ユニスさんは女性衣装係と代わりの衣装を探しに行くが、ロケをしていたのは田舎町。ようやく見つけたのは毛糸屋さんだった。ユニスさんが「何かドレスはない」と聞くと、店番のおばあちゃんが「ないわ。でも毛糸があるから編んでドレスをつくればいい」と答えた。
「時間がないの」と叫んだユニスさんは、店の奥に深紅のドレスがかかっているのに気がついた。しかし、ドレスのサイズは20(XL/XXL)。ユニスさんのサイズは8(S/M)。「深紅のドレスはブラウンのバックに映えるわ。これでいきましょう」と衣装係は飛びついた。当時の20ポンドをはたいて買ったドレスを衣装係はバッサリと裁断し、洗濯バサミで後ろをはさんだ。
ユニスさんは洗濯バサミが外れないようにこわごわと歩いた。そそくさと撮影現場に戻ると、待っていたショーン・コネリーがガチガチに緊張していた。「ボンド、ジェームズ・ボンド」というべき台詞を「ショーン・ボンド、ジェームズ・コネリー…」と言い間違える。
ヤング監督が陰でユニスさんに「ショーンを飲みに連れて行って、緊張をほぐしてやってくれ」と頼み込んだ。ユニスさんはショーン・コネリーを連れ出した。ショーン・コネリーはボンド役に備えて体をつくるため3カ月も禁酒したことが、余計に緊張を増幅させていた。
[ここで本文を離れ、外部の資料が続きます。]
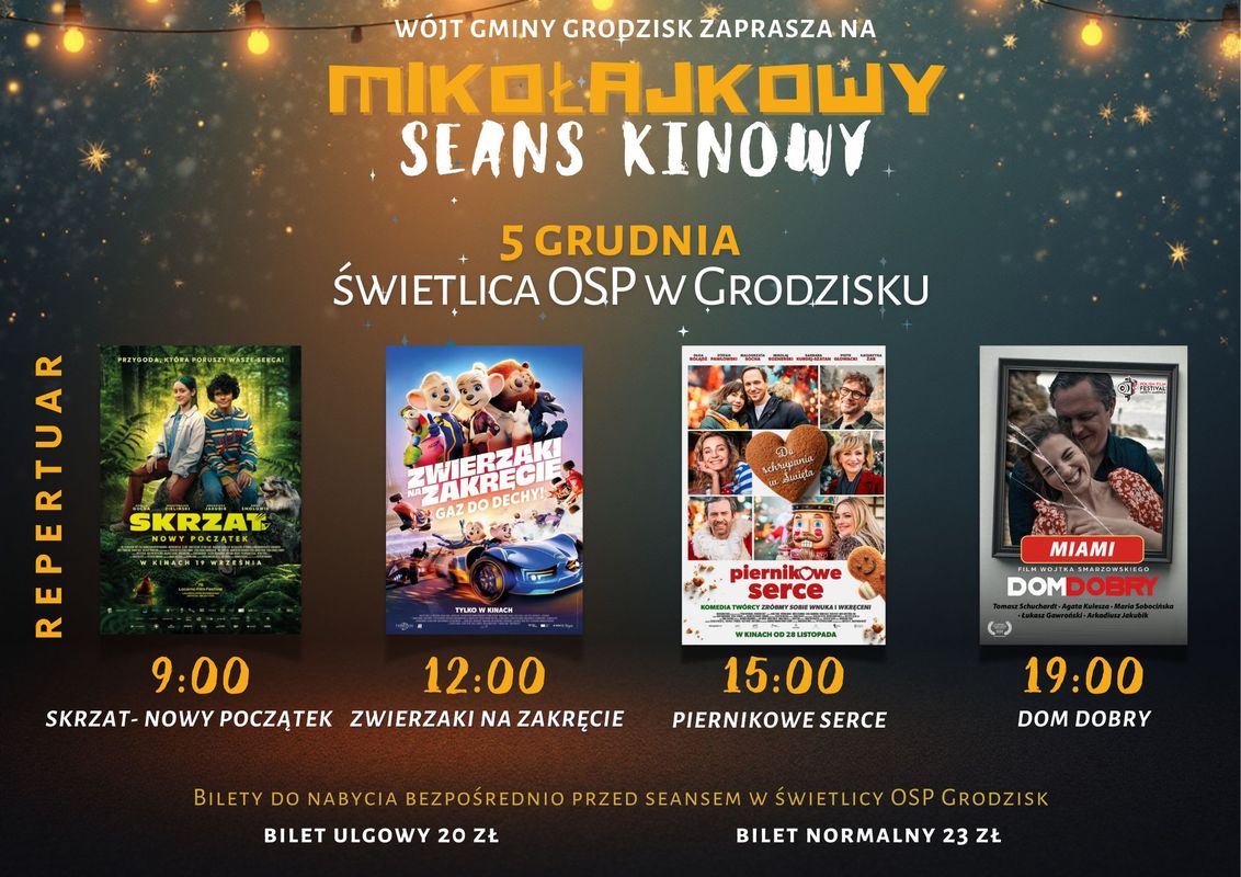 W piątek, 5 grudnia, świetlica OSP w Grodzisku zostanie przekształcona w salę kinową. W ciągu dnia odbędzie się kilka projekcji filmowych. Seanse dla dzieci i młodzieży o godz. 9:00 i 12:00 będą bezpłatne. Dorośli zostaną zaproszeni na pokazy o godz. 15:00 i 19:00.Repertuar:

一杯ひっかけたショーン・コネリーからは男の色気がにじみ、「ボンド、ジェームズ・ボンド」というハード・ボイルドなセリフが見事に決まった。
ボンドが誕生した瞬間だった。
原作者のイアン・フレミング(1908~1964)はMI6の情報員だったことで有名だが、ユニスさんは「ヤング監督も第二次大戦中、英情報機関に属していた」と打ち明けた。ヤング監督はショーン・コネリーにスパイの心得を伝授し、一流の仕立屋、レストラン、ワインショップを連れて回った。ヤング監督とショーン・コネリーの二人三脚のボンド作りが始まった。
その甲斐あって「ドクター・ノオ」は大ヒット、ショーン・コネリーは世界中の女性を魅了した。英映画界も米国に進出するのに成功。英女優はそれまで飾り物扱いされていたが、ユニスさんはセクシーで大胆な演技で男を惹きつけた。
ユニスさんは次作の「ロシアより愛をこめて」にも出演する。
ユニスさんは「ショーンは本当に緊張していたわ」と懐かしく当時を振り返った。冷戦時代、ユニスさんはスコットランド地方の劇場に出演中、英語を学んでいるというロシア人女子学生からモスクワに遊びに来ないかと誘われた。ロシア人女子学生はその後、逮捕された。旧ソ連のスパイだったのだ。
ユニスさんは「007の前、ある監督に『君のその右の眉毛。何とかならないか。物言いたげ過ぎる』と言われたことがある」と言って笑いながら、右眉を上げて見せた。蠱惑的な微笑は80歳を超えて、なお健在だった。
ユニスさん、素晴らしい映画と、楽しい話を聞かせて頂いたことに感謝します。あの右眉、素敵すぎて忘れることができません。合掌。